_Data records_.
================
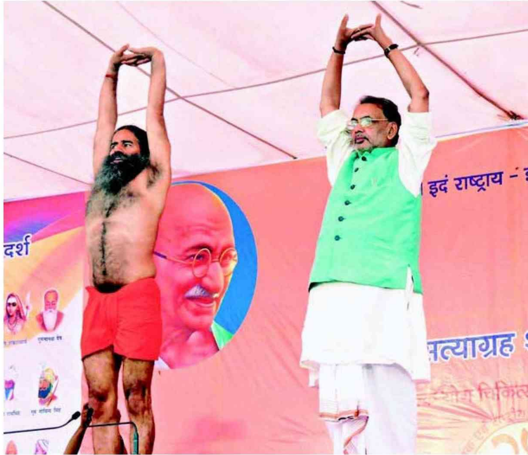
Union Agriculture Minister Radha Mohan Singh performs yoga at an event organised by Baba Ramdev, in Motihari, Bihar, on Thursday
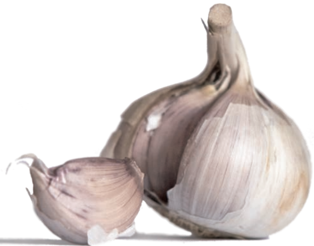
Knoblauch ( allium sativum )

Immer noch pflegen in manchen ländlichen Gegenden (z.B. Sizilien) die „Hexen“ den Knoblauch in kleinen Stückchen mit ein wenig Salz und ein paar Tropfen Öl in eine Schüssel Wasser zu geben, in die man eine Haarsträhne der Person taucht, die vom bösen Blick befallen ist und mit ein paar Zauberformeln verschwindet der böse Blick wie durch Zauberei.
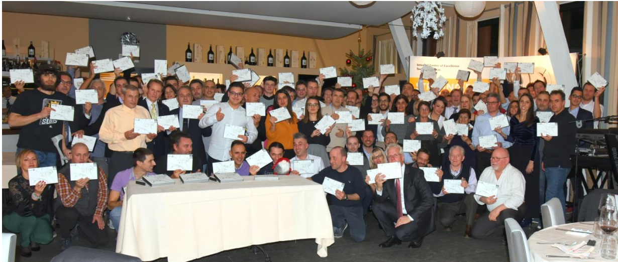
PolioPlus Schokoladenaktivität: Weihnachtsfeier bei Interroll SA im Tessin: Jeder Mitarbeiter erhielt eine PolioPlus-Pralinenschachtel vom Rotary Club Locarno.
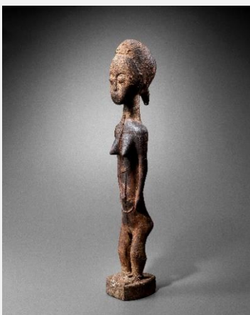
Galerie Montagut – Statuette Baoulé, Peuple Baoulé, Côte d'Ivoire, XIX e siècle, en bois, H 60 cm
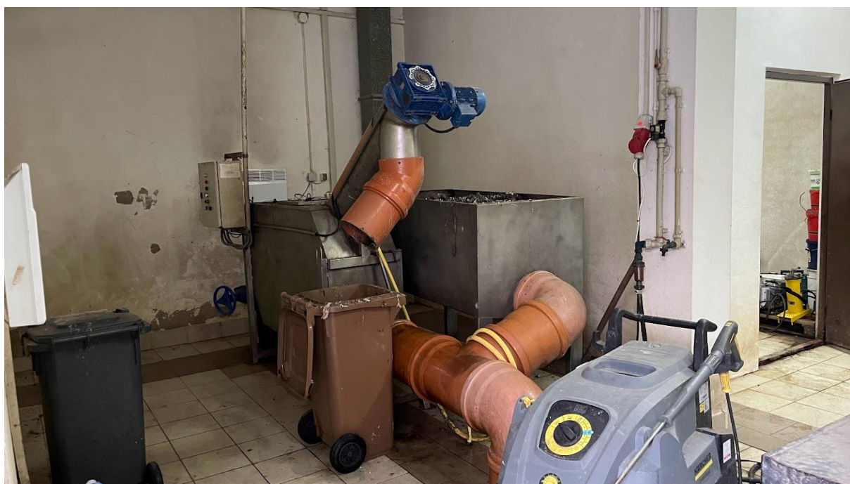
Rysunek 2. Sito mechaniczno – spiralne zlokalizowane w budynku oczyszczalni ścieków Lipnica Wielka. (Poziom 0)

Sito zamontowane jest w obudowie w formie prostopadłościennego zbiornika ze stali nierdzewnej o wymiarach L/B/H = 1450 / 450 / 1300mm. Ścieki oczyszczone mechanicznie w sicie odpływają grawitacyjnie do dwóch zbiorników retencyjnych, jeden zlokalizowany jest poniżej posadzki pod budynkiem, zaś drugi na zewnątrz obok budynku.
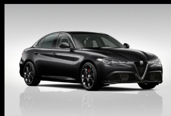
Černá Vulcano (58B-408)
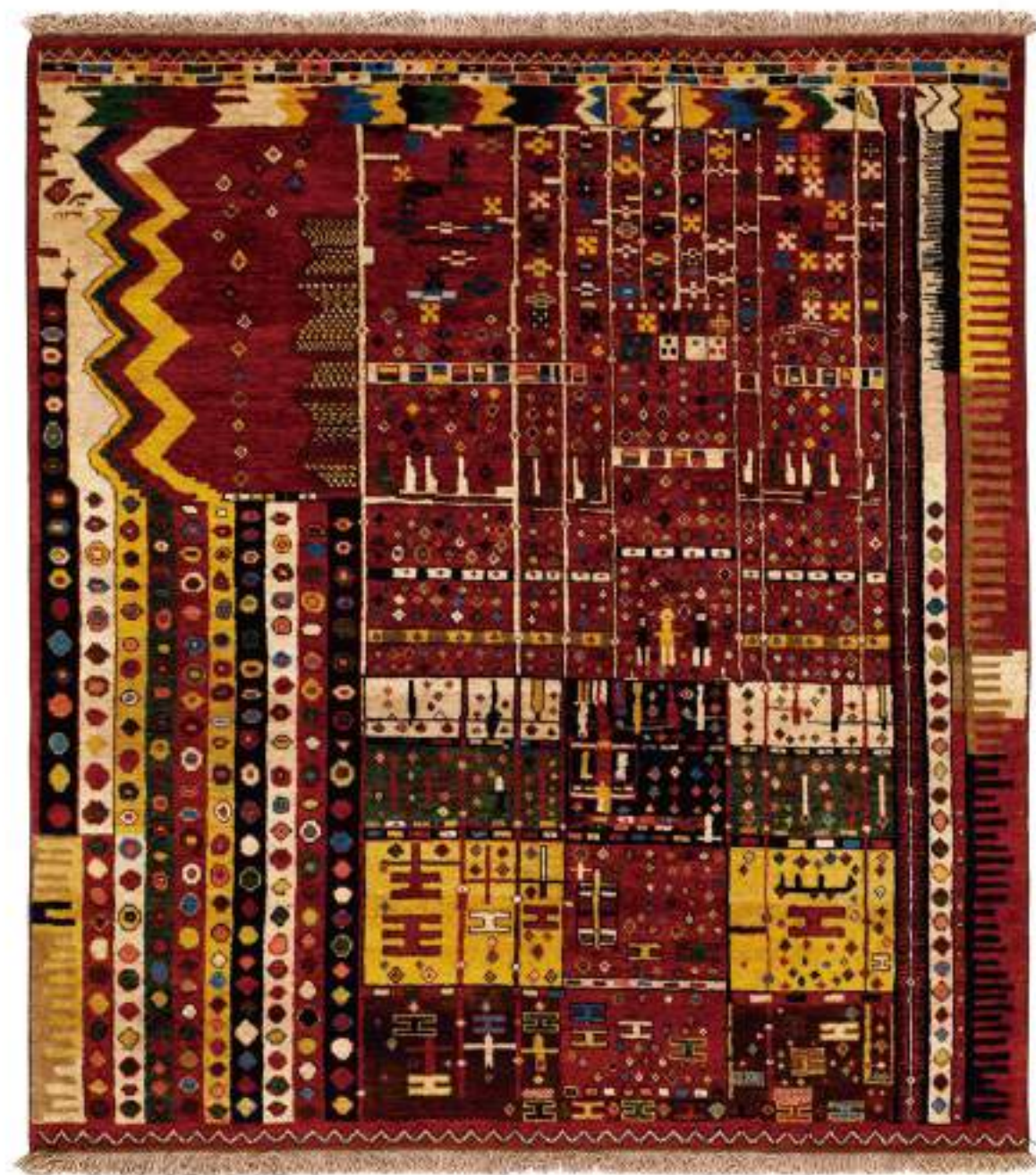
Left Javidan (水遣の) 165×177cm Qashqai Wool
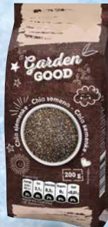
Chia semena Garden Good 200 g • T.P.: 14 Kos • ŠIFRA art.: 849369 • Cena: 1,8063 • Cena z DDV: 1,98
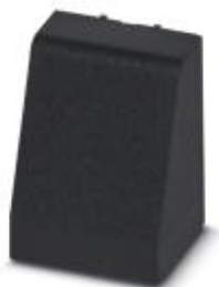
Установочный корпус, Верхняя часть корпуса, цвет: черный, ширина: 17,5 мм

Обратите внимание на то, что приведенные здесь данные взяты из online-каталога. Полная информация и данные содержатся в документации пользователя. Действуют Общие условия использования для информации, загруженной из интернета. ( http://phoenixcontact.ru/download )
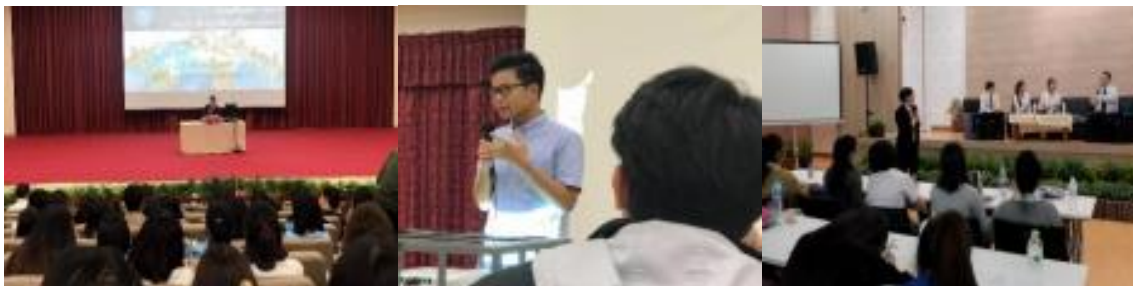
ภาพที่ 1 กิจกรรมการเตรียมความพร้อมนักศึกษาสหกิจศึกษานานาชาติ

นักศึกษาควรตระหนัก ตลอดจนได้รับแรงบันดาลใจและคำแนะนำการเตรียมตัวและการปฏิบัติตัวระหว่างการฝึกปฏิบัติงานจากรุ่นพี่ที่เคยปฏิบัติงานสหกิจศึกษาในต่างประเทศมาก่อน เพื่อนักศึกษาจะได้นำไปประยุกต์ใช้เมื่อออกไปฝึกปฏิบัติงานจริง ณ สถานประกอบการในต่างประเทศ โดยกิจกรรมดังกล่าวจะจัดในช่วงก่อนออกปฏิบัติงานสหกิจศึกษาในแต่ละภาคการศึกษา
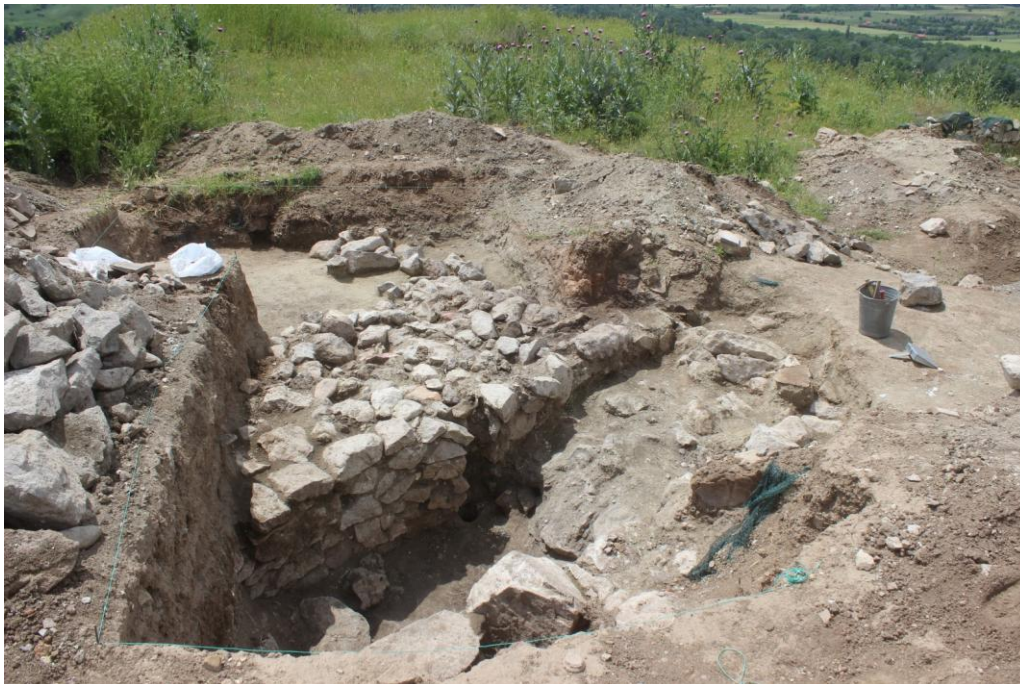
22. Сонда 37, на крај на ископувањето
================
_Action item_.
Every line above in the stretch from the one with "Left Javidan (水遣の) 165×177cm Qashqai Wool" through the one with "ภาพที่ 1 กิจกรรมการเตรียมความพร้อมนักศึกษาสหกิจศึกษานานาชาติ" is to be transcribed exactly, ends included. No picture is copied.

_Output of the task_.
Left Javidan (水遣の) 165×177cm Qashqai Wool
Chia semena Garden Good 200 g • T.P.: 14 Kos • ŠIFRA art.: 849369 • Cena: 1,8063 • Cena z DDV: 1,98
Установочный корпус, Верхняя часть корпуса, цвет: черный, ширина: 17,5 мм

Обратите внимание на то, что приведенные здесь данные взяты из online-каталога. Полная информация и данные содержатся в документации пользователя. Действуют Общие условия использования для информации, загруженной из интернета. ( http://phoenixcontact.ru/download )
ภาพที่ 1 กิจกรรมการเตรียมความพร้อมนักศึกษาสหกิจศึกษานานาชาติ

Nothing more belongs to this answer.